YOUR INSTRUCTIONS: Print out the data below in full and exactly, skipping the pictures.

COLLECTED MATERIAL:

=== Begin Enclosure ===

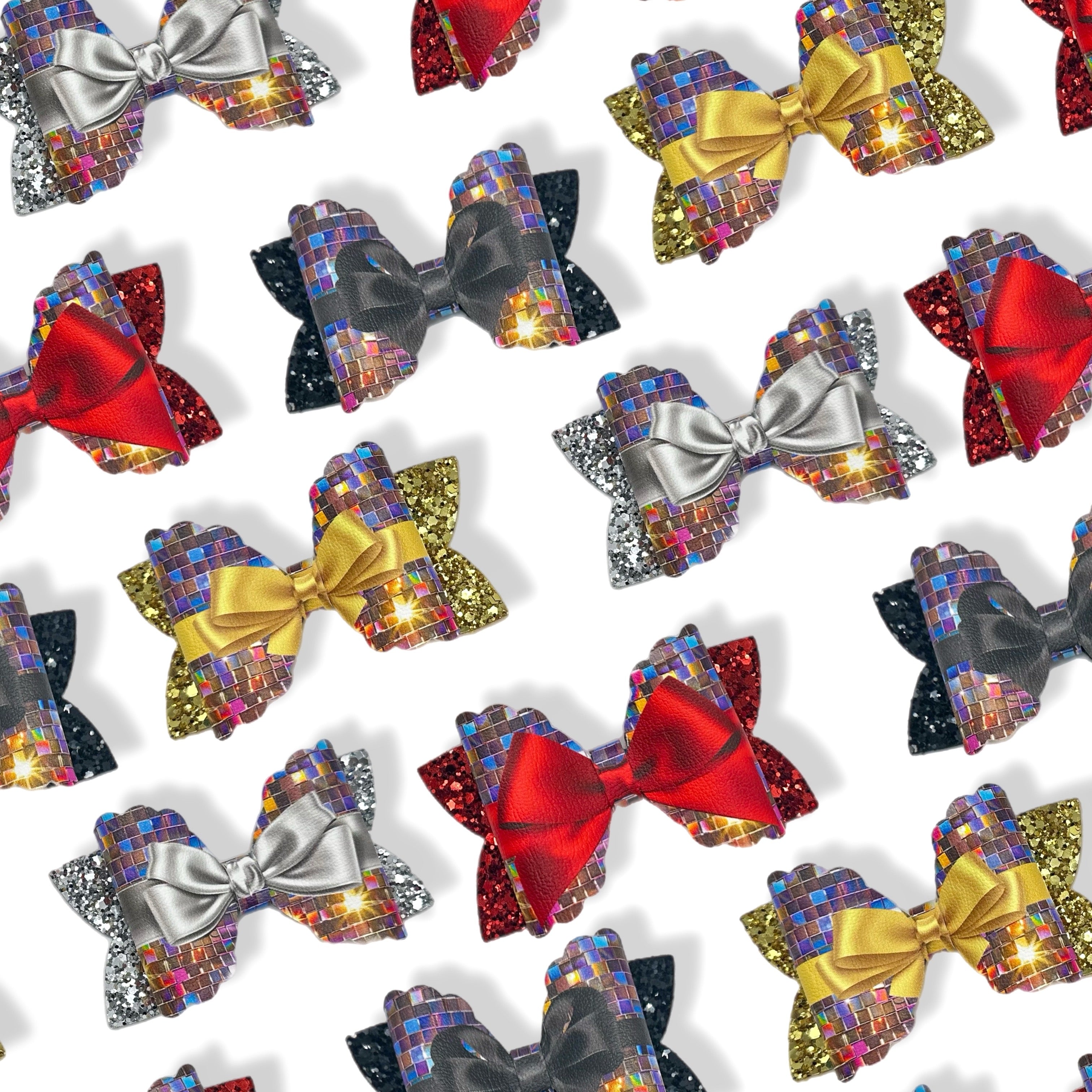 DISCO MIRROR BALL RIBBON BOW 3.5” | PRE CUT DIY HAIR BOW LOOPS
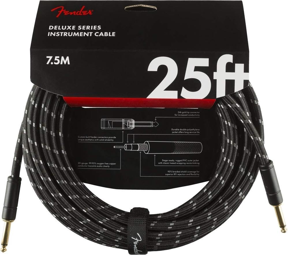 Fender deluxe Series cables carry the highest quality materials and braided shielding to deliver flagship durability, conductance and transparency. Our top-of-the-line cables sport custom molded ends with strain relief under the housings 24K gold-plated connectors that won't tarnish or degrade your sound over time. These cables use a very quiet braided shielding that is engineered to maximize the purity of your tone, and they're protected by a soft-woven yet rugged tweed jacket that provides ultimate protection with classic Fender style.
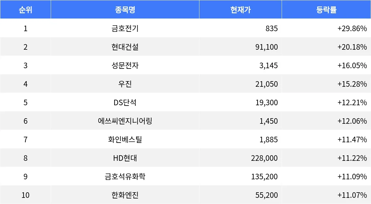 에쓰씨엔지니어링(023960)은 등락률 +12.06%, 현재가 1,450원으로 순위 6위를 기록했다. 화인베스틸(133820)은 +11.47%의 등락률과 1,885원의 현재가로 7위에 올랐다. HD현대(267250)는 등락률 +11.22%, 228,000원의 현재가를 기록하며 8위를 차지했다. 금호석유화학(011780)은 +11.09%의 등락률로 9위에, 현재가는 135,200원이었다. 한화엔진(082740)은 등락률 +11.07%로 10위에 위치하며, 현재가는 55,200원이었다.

=== End Enclosure ===

TASK RESULT:
 DISCO MIRROR BALL RIBBON BOW 3.5” | PRE CUT DIY HAIR BOW LOOPS
 Fender deluxe Series cables carry the highest quality materials and braided shielding to deliver flagship durability, conductance and transparency. Our top-of-the-line cables sport custom molded ends with strain relief under the housings 24K gold-plated connectors that won't tarnish or degrade your sound over time. These cables use a very quiet braided shielding that is engineered to maximize the purity of your tone, and they're protected by a soft-woven yet rugged tweed jacket that provides ultimate protection with classic Fender style.
 에쓰씨엔지니어링(023960)은 등락률 +12.06%, 현재가 1,450원으로 순위 6위를 기록했다. 화인베스틸(133820)은 +11.47%의 등락률과 1,885원의 현재가로 7위에 올랐다. HD현대(267250)는 등락률 +11.22%, 228,000원의 현재가를 기록하며 8위를 차지했다. 금호석유화학(011780)은 +11.09%의 등락률로 9위에, 현재가는 135,200원이었다. 한화엔진(082740)은 등락률 +11.07%로 10위에 위치하며, 현재가는 55,200원이었다.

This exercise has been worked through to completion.